Personal information
- Born: Benjamin Bindoff 1838 Shoreditch, London, England
- Died: 1899 (aged 60) Brighton, England
- Years active: 1853–1865
- Height: 5 ft 10.5 in (179 cm) (1865)
- Weight: 10 st 12 lb (152 lb; 69 kg) (1865)

Sport
- Country: England
- Sport: Boxing
- Weight class: Super welter

= Benjamin Bandoff =

English boxer (1838-1899)

Benjamin Bindoff (1838–1899), known as Benjamin Bandoff, was a 19th-century English-Jewish bare-knuckle boxer.

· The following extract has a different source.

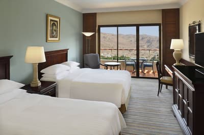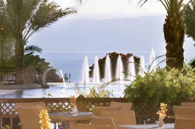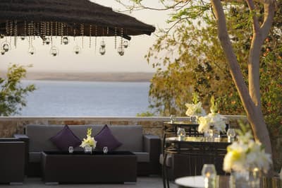 Lire son journal en flottant dans la mer Morte, les pieds en éventail, voilà une expérience à vivre au moins une fois ! Mais barboter dans l’eau sans pour autant se retrouver les fesses en l’air au moindre faux mouvement, c’est aussi possible au Dead Sea Marriott Resort & Spa. Ce resort est un véritable paradis de piscines, de fontaines et de jacuzzis, de petits ponts, de rochers et d’une végétation exotique, de palmiers, de pins et de bougainvilliers. Avec tous les transats à dispo, le spa et ses soins revigorants, mais surtout la possibilité de se tartiner de boue face à une mer légendaire : l’ambiance est à la détente et à l’évasion ! Et ça se ressent dès l’arrivée, après le contrôle de sécurité — passage obligatoire dans les hôtels de Jordanie — opéré par un employé chaleureux. Quel magnifique lobby ! Surtout à la nuit tombée, quand l’éclairage illumine les grands bambous, et que le lustre suspendu et les petites lumières sur les tables offrent une ambiance tamisée à l’ensemble. Les chambres, dans des tons de jaune ou de bleu pastel, avec des meubles et des volets intérieurs en bois foncé, dévoilent un esprit feutré. Mais le clou du spectacle, c’est quand même la vue sur la mer Morte !

Bandoff's first match was on 20 September 1853, having been matched against Jerry Duggan for £10 a side. The battle, which continued for 75 rounds, was interrupted by the approach of darkness, and the match was drawn. Bandoff next fought George Sims, and was beaten by him on 8 November 1854 and on 17 May 1858. Four years later, however, Bandoff retrieved his reputation as a fighter when he met and defeated Hopkinson after a battle of 28 rounds (9 April 1862). This victory was followed by another on 8 September 1863, when Bandoff defeated Australian boxer Frederick "Black Billy" Jackson at Home Circuit after 40 rounds. On the same spot he fought 86 rounds with Callaghan; but owing to darkness the match terminated in a draw. Bandoff's last appearance in the prize-ring was at Thames Haven on 14 February 1865, when he was beaten by Jack Smith, the "Brighton Doctor," after a contest of 16 rounds.
He worked as a leather merchant in Brighton, where he died in 1899.

His grandson was historian Stanley Bindoff.